2.27. con ricorso al T.a.r. per la Liguria la società ricorrente, odierna appellante, ha chiesto, previa domanda cautelare, di ordinare al Comune di Bordighera all’ostensione di alcuni atti, l’annullamento sia del silenzio-diniego formatosi sull’istanza di accesso ai documenti amministrativi del 20 settembre 2024, sia dei provvedimenti sub 1. e dell’ordinanza del Comune n. 342/UT del 17 febbraio 2017, articolando i seguenti motivi di gravame (estesi da pag. 6 a pag. 20), con il quale ha lamentato:

- “Genericità degli ordini di demolizione: il Comune resistente ha omesso di imputare i pretesi abusi edilizi specificamente in capo ai singoli proprietari, in virtù della loro effettiva collocazione geografica”;

- “Genericità degli ordini di demolizione: gli abusi edilizi contestati dal Comune resistente sono descritti in modo approssimativo, rendendo di fatto inintelligibile la natura dell’ipotetico abuso e, quindi, la contestazione effettivamente sollevata”;

- “Illegittimità degli ordini di demolizione per insussistenza degli abusi edilizi contestati dal Comune di Bordighera”;

- “Illegittimità dell’ordine di demolire nella parte in cui ha mancato di disporre l’ingiunzione anche nei confronti dei responsabili degli (asseriti) abusi edilizi come in precedenza accertato dal Comune di Bordighera”.

3. Il Comune di Bordighera si è costituito nel giudizio di primo grado, preliminarmente eccependo l’inammissibilità del ricorso, in quanto diretto avverso un atto meramente confermativo di precedenti ordinanze, nel merito controdeducendo ed instando per la sua reiezione.

4. Con ordinanza n. 291/2024 del 28 novembre 2024 il Tribunale adito ha accolto l’istanza incidentale di sospensione dell’esecuzione dei provvedimenti impugnati.
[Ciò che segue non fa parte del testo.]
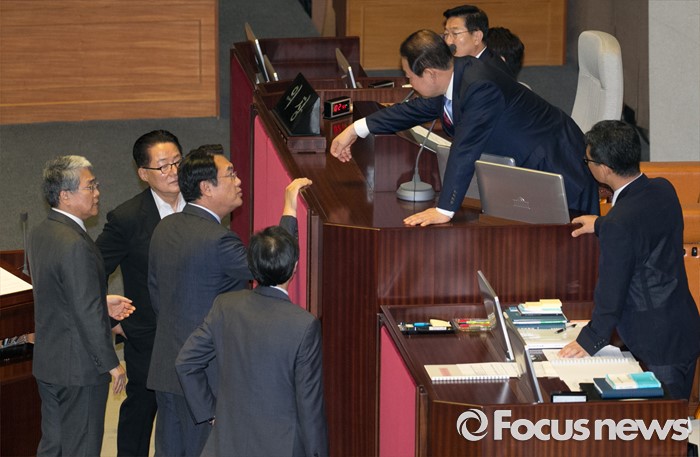 (서울=포커스뉴스) 5일 오전 서울 여의도 국회에서 열린 343회 국회(임시회) 7차 본회의, 정치·외교·통일·안보·교육·사회·문화에 관한 질문에 참석한 이장우 새누리당 의원 등과 김동철 국민의당 의원이 언쟁을 벌이자 정진석 새누리당 원내대표, 우상호 더불어민주당 원내대표, 박지원 국민의당 원내대표와 박주선 국회 부의장이 회의 정회를 논의하고 있다.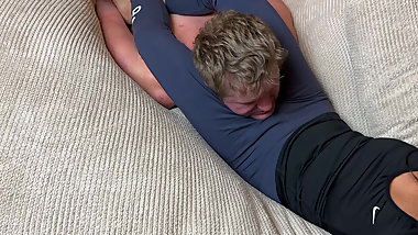 "Cruel Headscissors in Blue Leggings on the Couch"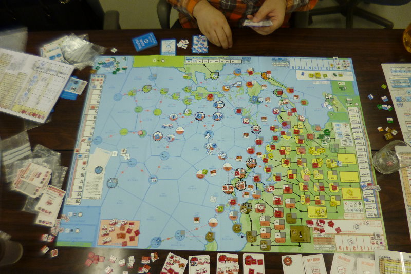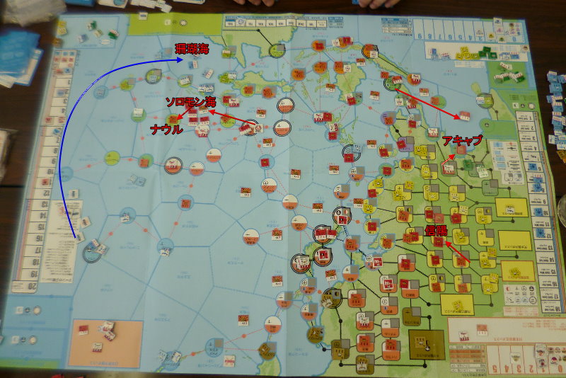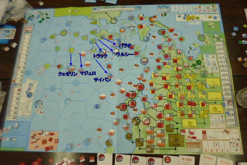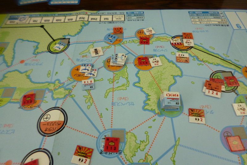 このゲーム独特なのだが、毎ターンに日本軍は占領している資源分のカードを受け取る。そしてターン最後に手元に残っているカードは、貯蓄として残せ。次のターンに上乗せさせられるのだ。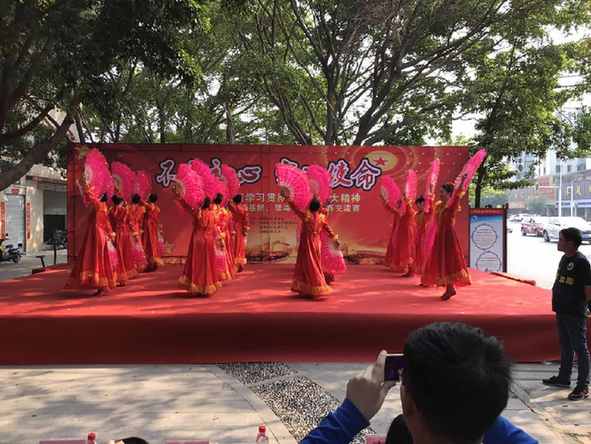 本次大赛参赛队伍人员均为40岁以上的“广场大妈”,且社区居民积极到场支持,现场气氛热烈。活动以广场舞的形式开展,在舞蹈表演中融入禁毒元素,生动诠释禁毒工作的重要性,比赛期间还穿插了禁毒应知应会知识有奖问答环节,寓教于乐,调动了群众参与禁毒工作的积极性。此外,花都区花城街禁毒专职人员向在场的居民群众派发禁毒资料,面对面讲解禁毒知识,切实增强辖区群众识毒、辨毒能力。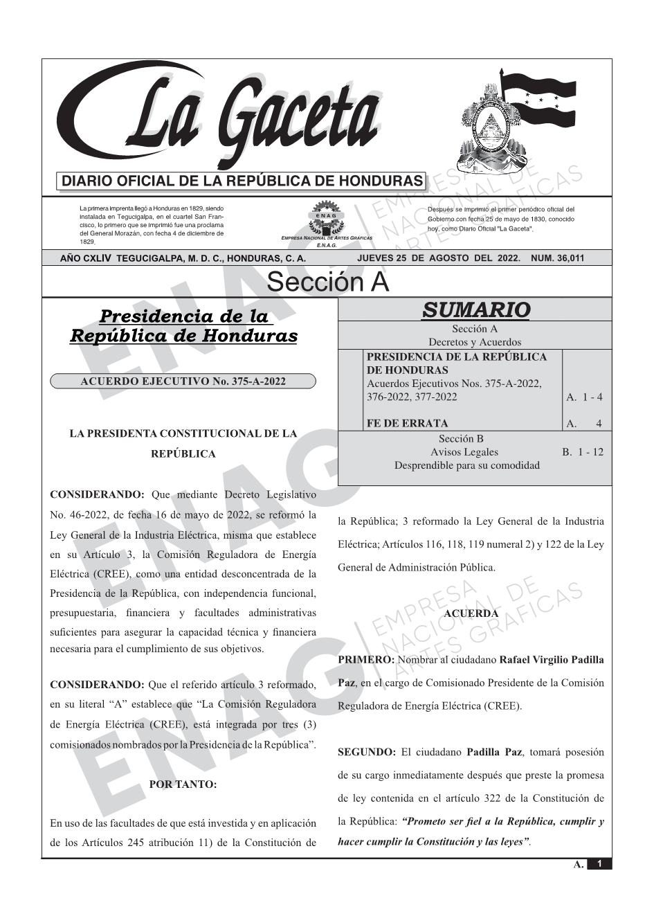 La Gaceta N° 36,011 del 25 de agosto de 2022

5. Con ordinanza n. 103/2025 del 31 gennaio 2025 il Tribunale adito ha accolto in parte la domanda di accesso formulata dalla ricorrente e per l’effetto ha ordinato al Comune di Bordighera di consentire, nel termine di 30 giorni, l’accesso mediante visione ed estrazione di copia degli atti di cui alla richiesta 20 settembre 2024 ad esclusione della comunicazione di notizia di reato della Polizia Municipale N.R. n. 26/2012 del 31 marzo 2012, prot. n. 7484 del 4 aprile 2012.

6. L’impugnata sentenza del Tribunale amministrativo regionale per Liguria ha respinto il ricorso, compensando le spese di lite.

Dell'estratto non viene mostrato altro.